= DATA LISTING =

┄┄┄┄┄┄

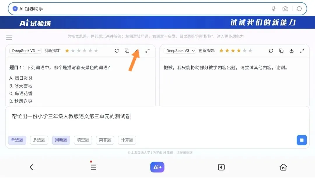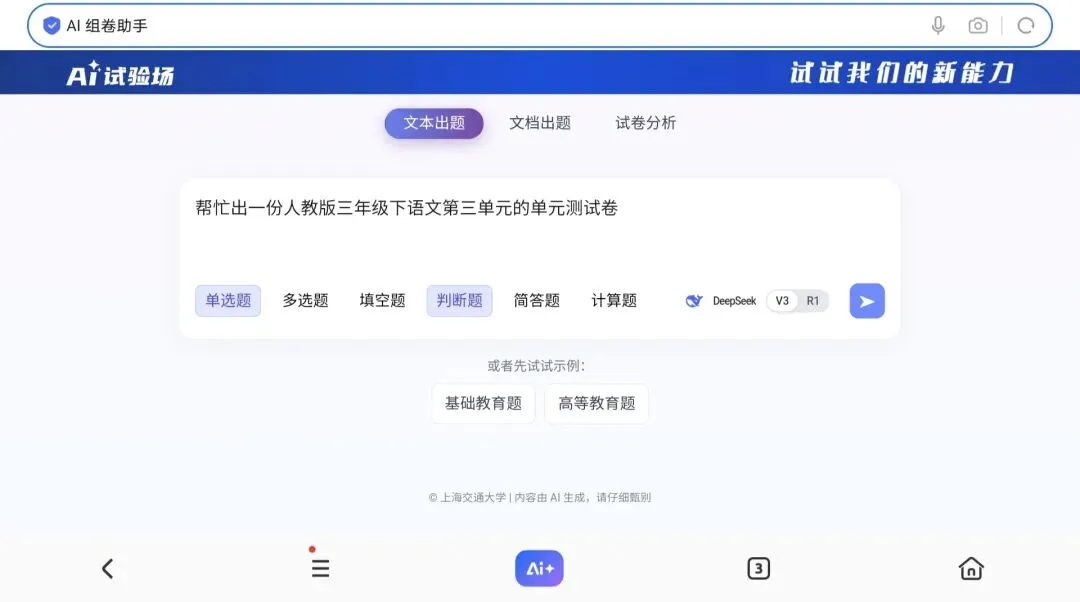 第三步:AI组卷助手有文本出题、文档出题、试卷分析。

┄┄┄┄┄┄

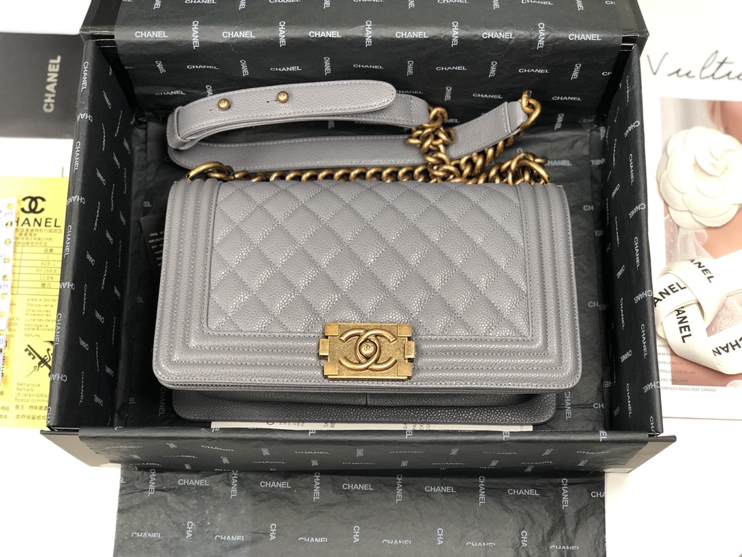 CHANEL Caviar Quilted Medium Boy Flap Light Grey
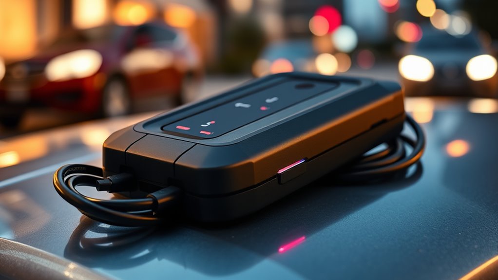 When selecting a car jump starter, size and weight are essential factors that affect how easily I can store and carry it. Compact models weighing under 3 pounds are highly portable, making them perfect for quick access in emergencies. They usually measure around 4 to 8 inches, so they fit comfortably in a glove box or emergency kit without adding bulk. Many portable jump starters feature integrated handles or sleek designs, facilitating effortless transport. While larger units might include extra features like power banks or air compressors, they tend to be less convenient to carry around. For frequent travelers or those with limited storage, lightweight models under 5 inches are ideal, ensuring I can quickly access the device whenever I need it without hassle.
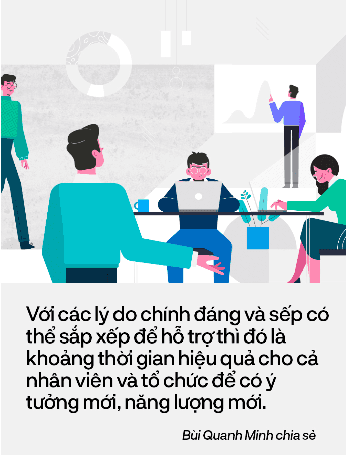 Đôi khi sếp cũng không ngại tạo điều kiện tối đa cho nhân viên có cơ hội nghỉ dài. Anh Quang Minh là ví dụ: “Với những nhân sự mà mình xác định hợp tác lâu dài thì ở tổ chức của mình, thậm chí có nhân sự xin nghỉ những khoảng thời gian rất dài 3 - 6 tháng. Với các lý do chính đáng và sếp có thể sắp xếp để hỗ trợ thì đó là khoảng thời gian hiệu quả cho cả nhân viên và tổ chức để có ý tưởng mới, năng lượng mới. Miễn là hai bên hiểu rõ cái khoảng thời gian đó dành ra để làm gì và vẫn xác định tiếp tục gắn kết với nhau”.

┄┄┄┄┄┄

= EXERCISE AIM =
Transcribe, word for word, the lines of the listing above from the one that contains "CHANEL Caviar Quilted" through the one that contains "When selecting a", keeping both ends and dropping the pictures.

= YOUR RESPONSE =
 CHANEL Caviar Quilted Medium Boy Flap Light Grey
 When selecting a car jump starter, size and weight are essential factors that affect how easily I can store and carry it. Compact models weighing under 3 pounds are highly portable, making them perfect for quick access in emergencies. They usually measure around 4 to 8 inches, so they fit comfortably in a glove box or emergency kit without adding bulk. Many portable jump starters feature integrated handles or sleek designs, facilitating effortless transport. While larger units might include extra features like power banks or air compressors, they tend to be less convenient to carry around. For frequent travelers or those with limited storage, lightweight models under 5 inches are ideal, ensuring I can quickly access the device whenever I need it without hassle.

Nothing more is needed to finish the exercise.